Hurricane Sandy News and the Jews

sefer torah hurricane sandy

Sifrei Torah are spread out to dry in the Mazel Day School in Brighton Beach, NY, after the Aron Kodesh was immersed in flood waters.

Hurricane Sandy is big news.

It’s so huge that it’s still the main thing on the news, one week on. In fact, it feels kind of wrong to be talking about anything else on this blog, while so many of my readers are struggling to get back on their feet.

Business and marketing in the Jewish world can wait! Let’s talk about the Jewish response to Sandy online.

Sandy: Forecasted Yet Unexpected

The weather reports gave was fair warning that this storm would be intense, but it seems that no one was really prepared for what it meant.

But slowly the results of the storm, which struck one of the world’s largest Jewish communities with devastating impact, is beginning to be understood. I don’t think most of us really comprehend it even now. This is despite the technological innovations that make real-time mass communication so easy. Perhaps it’s just too big, too historic and too unexpected to get our heads around.

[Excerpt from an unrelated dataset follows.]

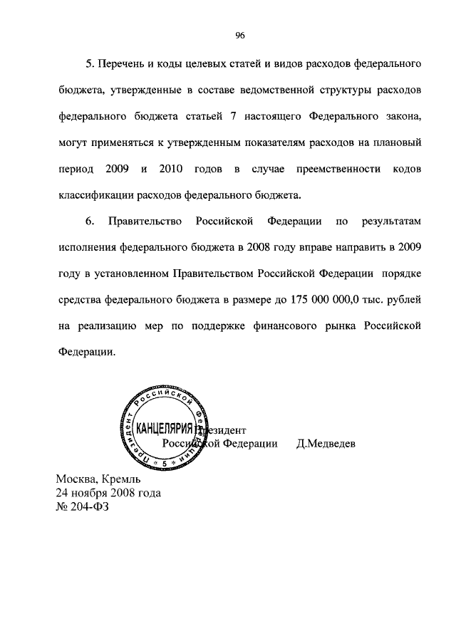 ФЕДЕРАЛЬНЫЙ ЗАКОН от 24.11.2008 N 204-ФЗ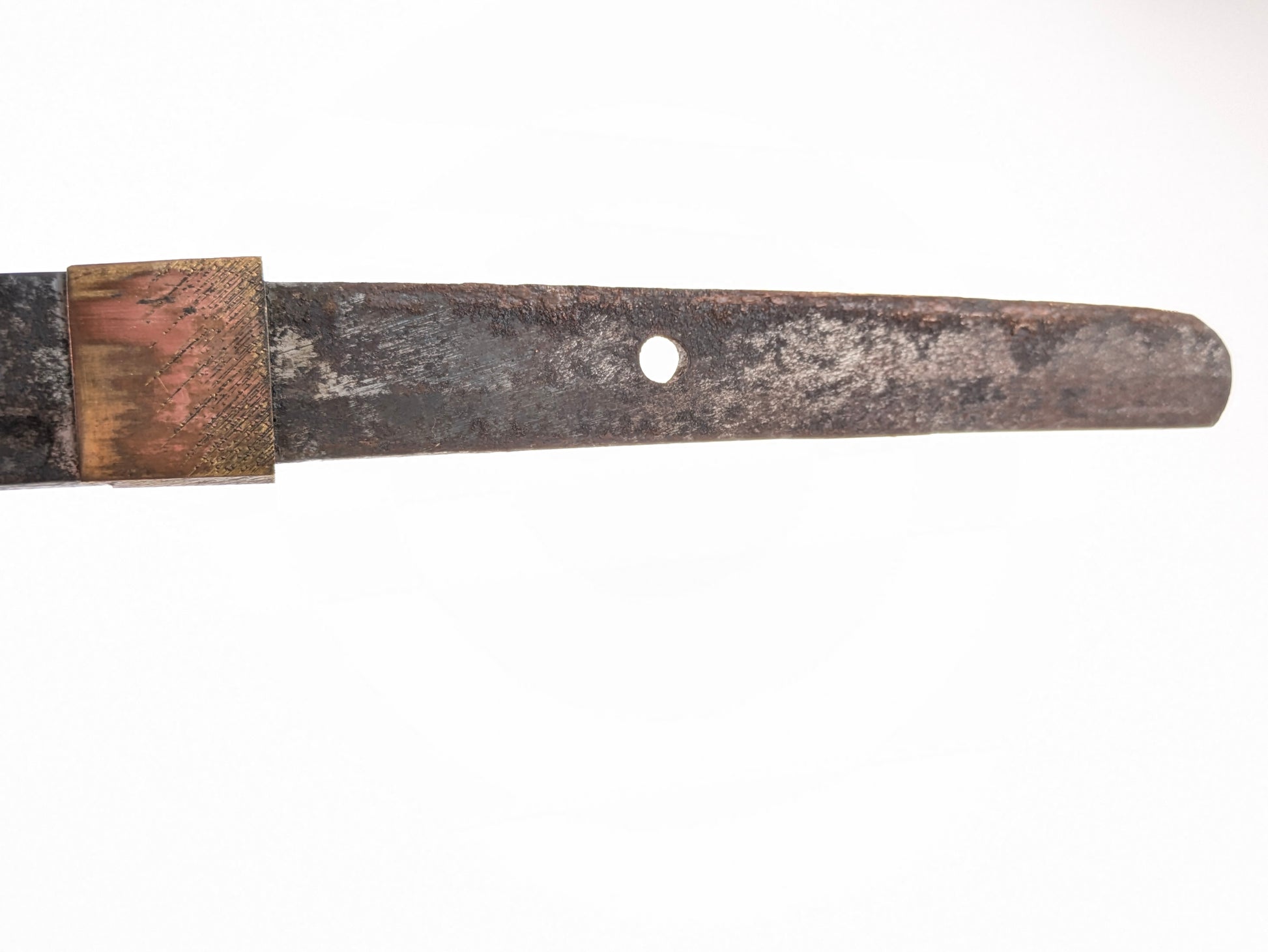 • Hilt: brass guard/knuckle-bow with sword-knot slot; dark-dyed ray-skin grip bound with twisted wire (all present); warm, untouched patina to the fittings.

I live in Israel and I’m from Australia, so I only know New York from a few visits and through the many friends I have there. What really began to drive the devastating impact home for me, was this collection of images.

Notwithstanding the lag in reality sinking in, Sandy’s reporting was “crowd-sourced” in a way that was never possible before. One can only imagine what our image of the World Trade Center attacks of September 11, 2001, would have been like if people had iPhones and Facebook in those “distant” days. Perhaps we’re better off not seeing what they would have shared.

But finally we’ve all understood that this is the biggest news story of the year. Hopefully we won’t have any stories this big for a while. Because stories this huge are usually really bad news.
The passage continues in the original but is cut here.